→ **TASK BRIEF**:
Only the lines from the one containing "Current methods of" through the one containing "GOAL: Determine effect of SOD on wood quality" should be printed, exactly as they appear below, with both ends included.

→ **MATERIAL SHOWN**:

════════

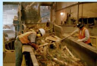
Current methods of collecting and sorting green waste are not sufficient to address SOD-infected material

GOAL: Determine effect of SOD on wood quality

════════

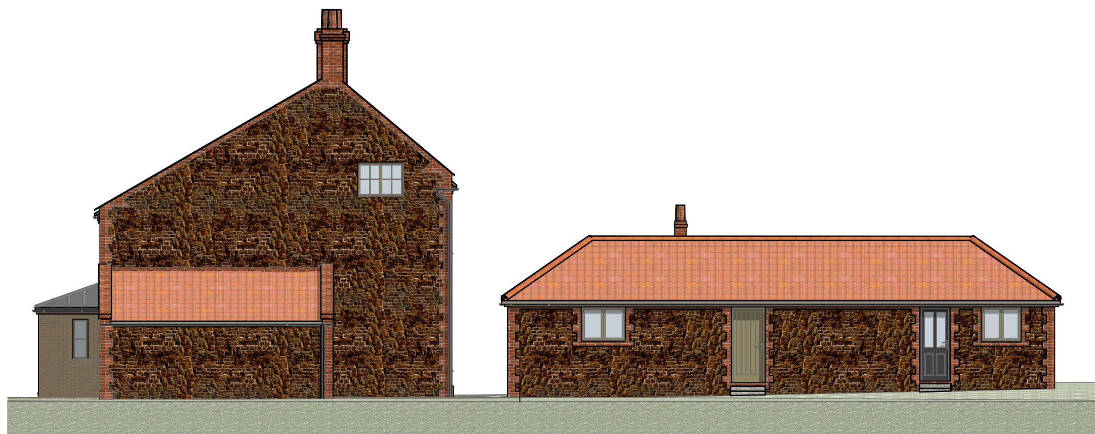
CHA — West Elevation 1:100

════════

→ **EXERCISE SOLUTION**:
Current methods of collecting and sorting green waste are not sufficient to address SOD-infected material

GOAL: Determine effect of SOD on wood quality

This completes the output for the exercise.